==== Material supplied ====

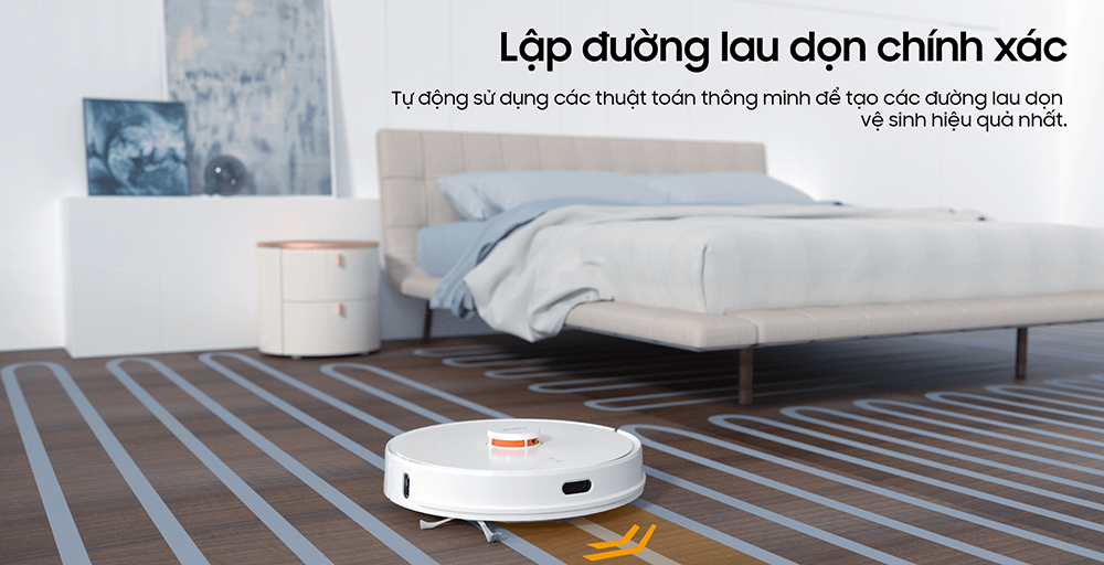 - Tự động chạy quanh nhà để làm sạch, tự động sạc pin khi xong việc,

====
==== Material supplied ====

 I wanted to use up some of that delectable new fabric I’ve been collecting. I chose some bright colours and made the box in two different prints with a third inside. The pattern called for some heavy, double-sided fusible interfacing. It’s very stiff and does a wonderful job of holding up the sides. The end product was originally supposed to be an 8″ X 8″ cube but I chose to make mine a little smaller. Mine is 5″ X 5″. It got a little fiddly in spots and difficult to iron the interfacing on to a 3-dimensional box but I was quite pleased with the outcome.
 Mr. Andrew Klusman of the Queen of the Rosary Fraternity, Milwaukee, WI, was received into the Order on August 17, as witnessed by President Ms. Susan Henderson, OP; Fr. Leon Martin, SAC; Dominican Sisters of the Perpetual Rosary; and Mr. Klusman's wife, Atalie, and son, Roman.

====
==== Material supplied ====

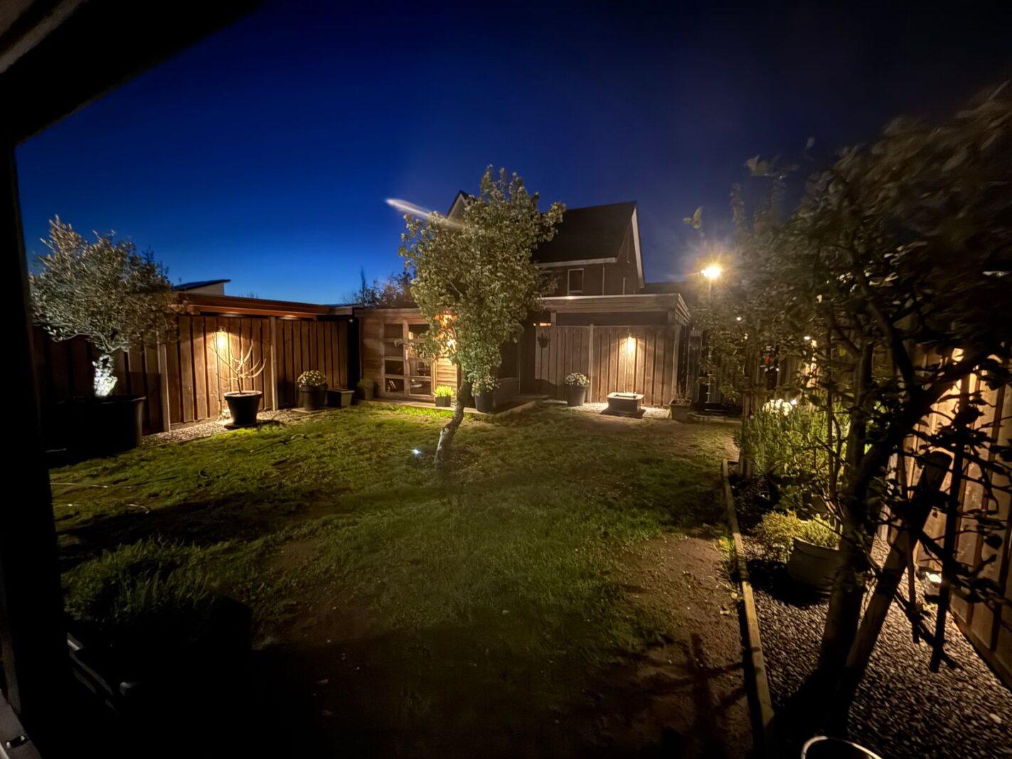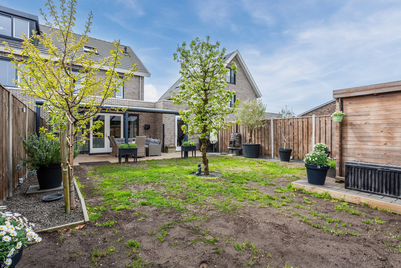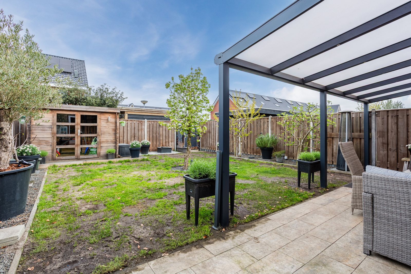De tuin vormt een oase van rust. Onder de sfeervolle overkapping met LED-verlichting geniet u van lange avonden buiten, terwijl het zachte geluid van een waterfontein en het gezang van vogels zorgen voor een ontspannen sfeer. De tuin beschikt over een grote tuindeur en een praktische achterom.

====

== Problem to work on ==
Repeat word for word the lines above that run from the line containing "I wanted to" through the line containing "Mr. Andrew Klusman", both ends included, and nothing else.

== Output of the task ==
 I wanted to use up some of that delectable new fabric I’ve been collecting. I chose some bright colours and made the box in two different prints with a third inside. The pattern called for some heavy, double-sided fusible interfacing. It’s very stiff and does a wonderful job of holding up the sides. The end product was originally supposed to be an 8″ X 8″ cube but I chose to make mine a little smaller. Mine is 5″ X 5″. It got a little fiddly in spots and difficult to iron the interfacing on to a 3-dimensional box but I was quite pleased with the outcome.
 Mr. Andrew Klusman of the Queen of the Rosary Fraternity, Milwaukee, WI, was received into the Order on August 17, as witnessed by President Ms. Susan Henderson, OP; Fr. Leon Martin, SAC; Dominican Sisters of the Perpetual Rosary; and Mr. Klusman's wife, Atalie, and son, Roman.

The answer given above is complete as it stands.